Apart from the pictures, print the data below exactly as given.

> [DATASET SECTION]:
#####

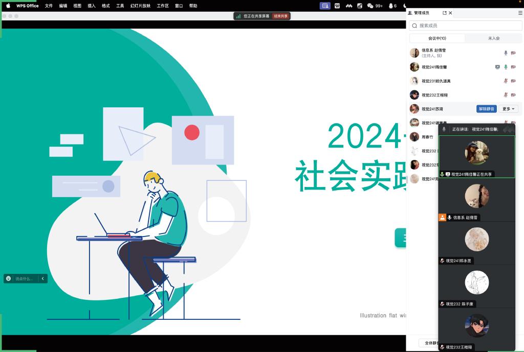 2月15日晚上6点,召开社会实践活动线上周总结会议,由生涯导师赵倩雪主持,共13名生涯学生参与。本周主要讲述了对社会实践学期完成情况以及校园文创汇报,整个会议旨在对整个社会实践学期的工作进行总结,确保各项活动的顺利有效进行。
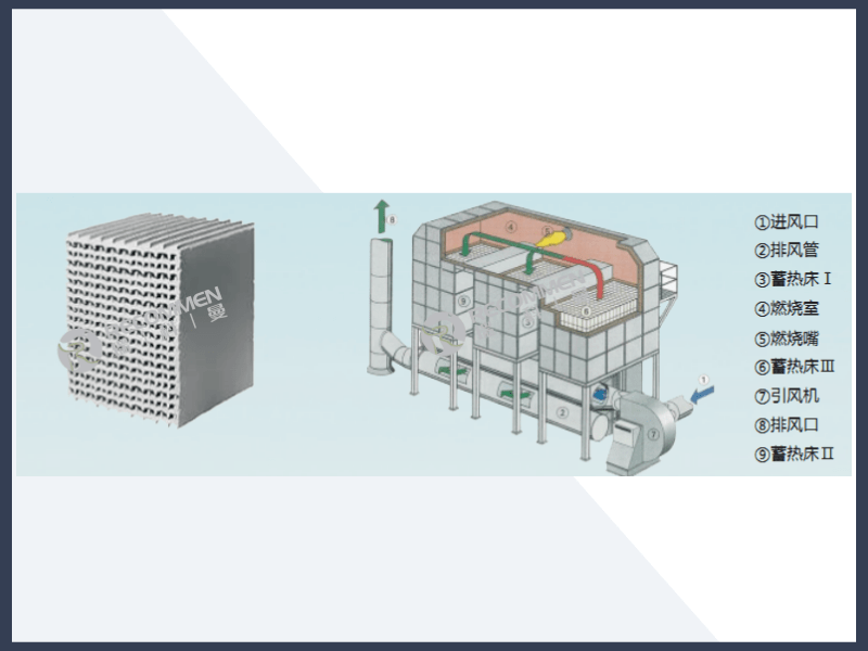 VOCs經(jīng)過預處理后,進入第一個蓄熱室,通過輔助燃燒至反應所需溫度,發(fā)生高溫氧化反應;氧化后的高溫氣體進入第二個蓄熱室,使蓄熱體蓄升蓄熱,氣體經(jīng)過換熱降溫后排至大氣。間隔一定時間后,VOCs進入第二個蓄熱室預熱,通過輔助燃燒至反應所需溫度,發(fā)生高溫氧化反應,氧化后的高溫氣體進入第一個蓄熱室/反應室換熱,使蓄熱體蓄熱,氣體經(jīng)過換熱降溫后排至大氣。第三個蓄熱室作為備用反吹,以提高蓄熱效率,依次循環(huán)。
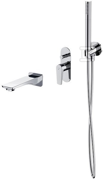 Комплект B730 прихований змішувач для ванни та душу + душовий набір з підключенням + вилив Moduo хром Wir S952-040

#####

> [EXERCISE ANSWER]:
 2月15日晚上6点,召开社会实践活动线上周总结会议,由生涯导师赵倩雪主持,共13名生涯学生参与。本周主要讲述了对社会实践学期完成情况以及校园文创汇报,整个会议旨在对整个社会实践学期的工作进行总结,确保各项活动的顺利有效进行。
 VOCs經(jīng)過預處理后,進入第一個蓄熱室,通過輔助燃燒至反應所需溫度,發(fā)生高溫氧化反應;氧化后的高溫氣體進入第二個蓄熱室,使蓄熱體蓄升蓄熱,氣體經(jīng)過換熱降溫后排至大氣。間隔一定時間后,VOCs進入第二個蓄熱室預熱,通過輔助燃燒至反應所需溫度,發(fā)生高溫氧化反應,氧化后的高溫氣體進入第一個蓄熱室/反應室換熱,使蓄熱體蓄熱,氣體經(jīng)過換熱降溫后排至大氣。第三個蓄熱室作為備用反吹,以提高蓄熱效率,依次循環(huán)。
 Комплект B730 прихований змішувач для ванни та душу + душовий набір з підключенням + вилив Moduo хром Wir S952-040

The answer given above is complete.